= Source material =

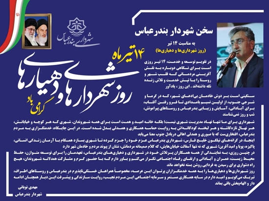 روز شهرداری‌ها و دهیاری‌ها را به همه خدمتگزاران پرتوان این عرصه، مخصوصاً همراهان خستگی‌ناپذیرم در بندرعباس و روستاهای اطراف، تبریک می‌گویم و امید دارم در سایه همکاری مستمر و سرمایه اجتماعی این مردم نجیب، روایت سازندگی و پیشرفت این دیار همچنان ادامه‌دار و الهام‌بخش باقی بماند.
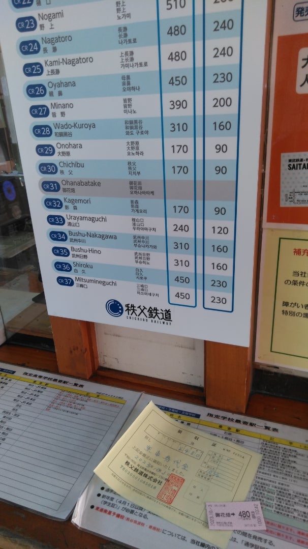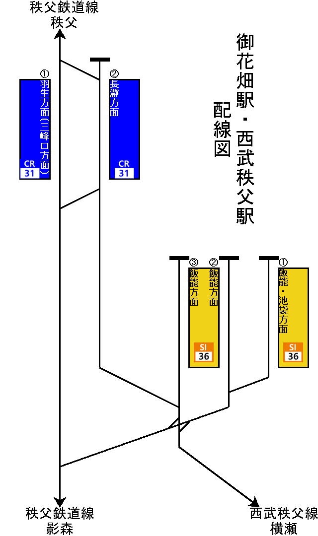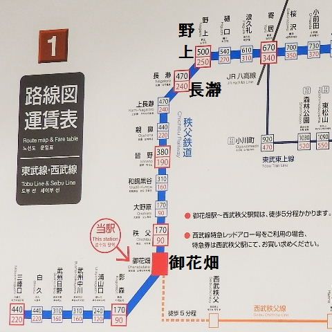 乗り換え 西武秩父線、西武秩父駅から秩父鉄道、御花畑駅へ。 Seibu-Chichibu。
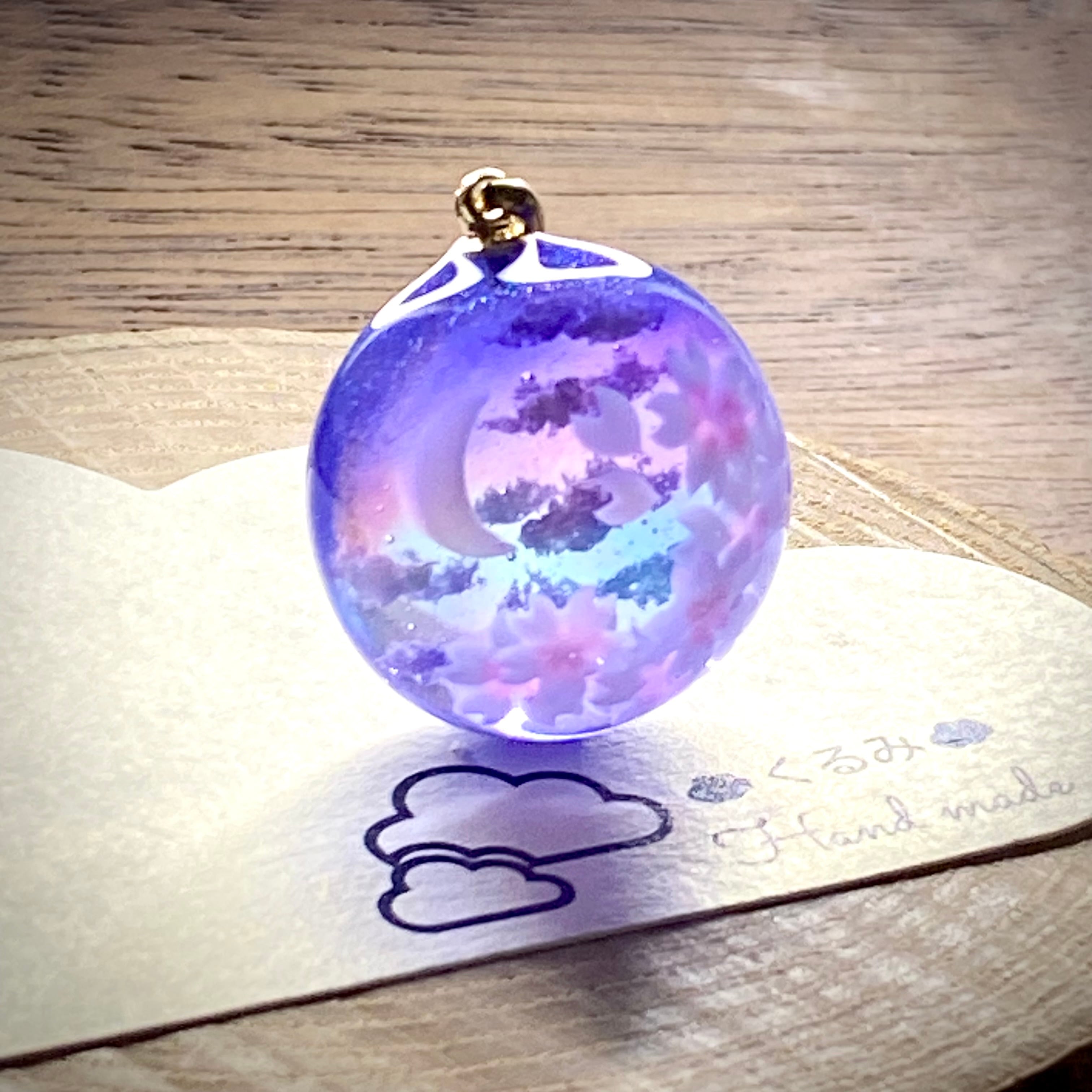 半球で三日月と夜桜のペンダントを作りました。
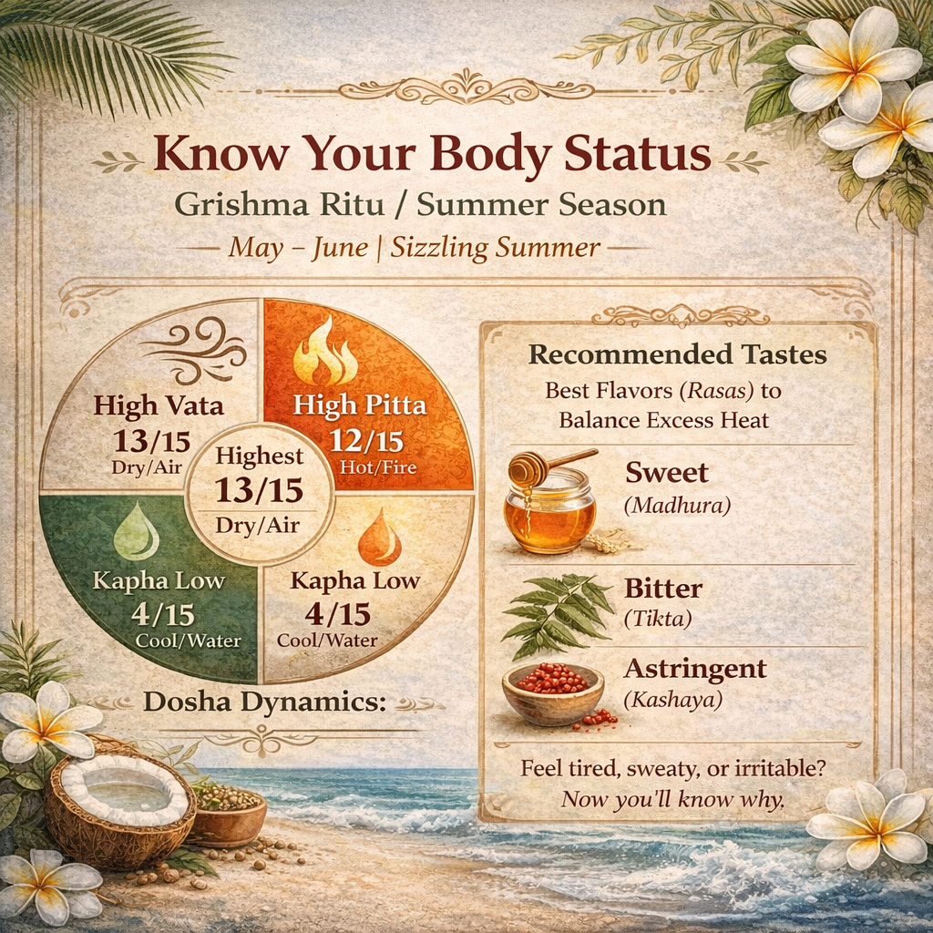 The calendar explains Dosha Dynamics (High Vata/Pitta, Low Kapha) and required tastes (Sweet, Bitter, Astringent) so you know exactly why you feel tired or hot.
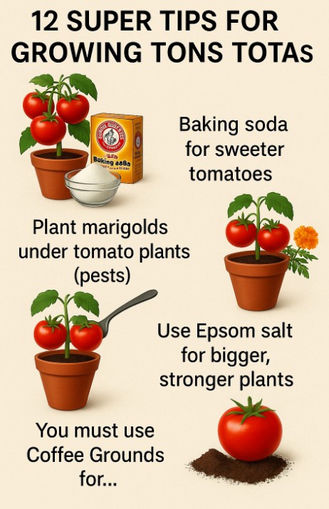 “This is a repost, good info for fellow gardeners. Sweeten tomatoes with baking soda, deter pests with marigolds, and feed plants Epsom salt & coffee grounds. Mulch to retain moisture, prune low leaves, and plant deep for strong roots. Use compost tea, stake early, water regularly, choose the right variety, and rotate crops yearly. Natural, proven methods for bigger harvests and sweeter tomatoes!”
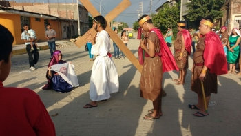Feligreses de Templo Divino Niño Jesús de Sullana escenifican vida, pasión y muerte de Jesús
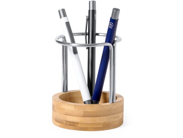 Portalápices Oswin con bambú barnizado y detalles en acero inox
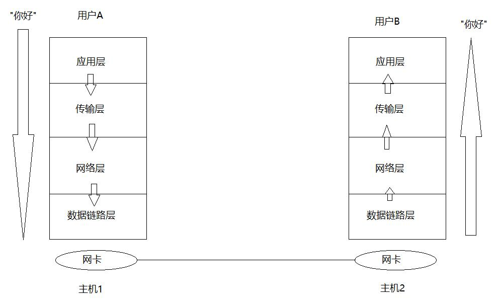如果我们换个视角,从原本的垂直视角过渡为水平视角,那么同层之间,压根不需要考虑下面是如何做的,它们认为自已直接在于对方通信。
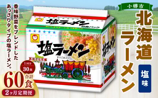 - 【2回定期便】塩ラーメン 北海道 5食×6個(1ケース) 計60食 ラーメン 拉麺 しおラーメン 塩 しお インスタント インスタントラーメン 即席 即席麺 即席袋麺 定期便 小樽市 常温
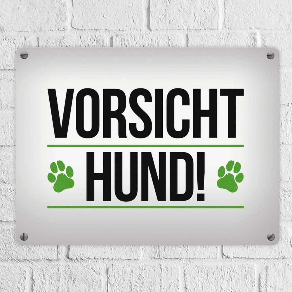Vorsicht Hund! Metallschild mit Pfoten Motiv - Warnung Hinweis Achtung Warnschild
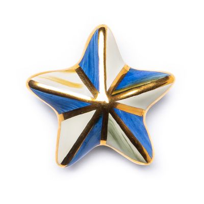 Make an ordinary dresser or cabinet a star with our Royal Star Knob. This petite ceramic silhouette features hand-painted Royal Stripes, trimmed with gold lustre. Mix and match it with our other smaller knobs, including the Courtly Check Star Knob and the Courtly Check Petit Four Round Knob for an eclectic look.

= Problem statement =
Would you please give the material above again, unchanged but without pictures?

= Worked solution =
 روز شهرداری‌ها و دهیاری‌ها را به همه خدمتگزاران پرتوان این عرصه، مخصوصاً همراهان خستگی‌ناپذیرم در بندرعباس و روستاهای اطراف، تبریک می‌گویم و امید دارم در سایه همکاری مستمر و سرمایه اجتماعی این مردم نجیب، روایت سازندگی و پیشرفت این دیار همچنان ادامه‌دار و الهام‌بخش باقی بماند.
 乗り換え 西武秩父線、西武秩父駅から秩父鉄道、御花畑駅へ。 Seibu-Chichibu。
 半球で三日月と夜桜のペンダントを作りました。
 The calendar explains Dosha Dynamics (High Vata/Pitta, Low Kapha) and required tastes (Sweet, Bitter, Astringent) so you know exactly why you feel tired or hot.
 “This is a repost, good info for fellow gardeners. Sweeten tomatoes with baking soda, deter pests with marigolds, and feed plants Epsom salt & coffee grounds. Mulch to retain moisture, prune low leaves, and plant deep for strong roots. Use compost tea, stake early, water regularly, choose the right variety, and rotate crops yearly. Natural, proven methods for bigger harvests and sweeter tomatoes!”
Feligreses de Templo Divino Niño Jesús de Sullana escenifican vida, pasión y muerte de Jesús
 Portalápices Oswin con bambú barnizado y detalles en acero inox
如果我们换个视角,从原本的垂直视角过渡为水平视角,那么同层之间,压根不需要考虑下面是如何做的,它们认为自已直接在于对方通信。
 - 【2回定期便】塩ラーメン 北海道 5食×6個(1ケース) 計60食 ラーメン 拉麺 しおラーメン 塩 しお インスタント インスタントラーメン 即席 即席麺 即席袋麺 定期便 小樽市 常温
Vorsicht Hund! Metallschild mit Pfoten Motiv - Warnung Hinweis Achtung Warnschild
 Make an ordinary dresser or cabinet a star with our Royal Star Knob. This petite ceramic silhouette features hand-painted Royal Stripes, trimmed with gold lustre. Mix and match it with our other smaller knobs, including the Courtly Check Star Knob and the Courtly Check Petit Four Round Knob for an eclectic look.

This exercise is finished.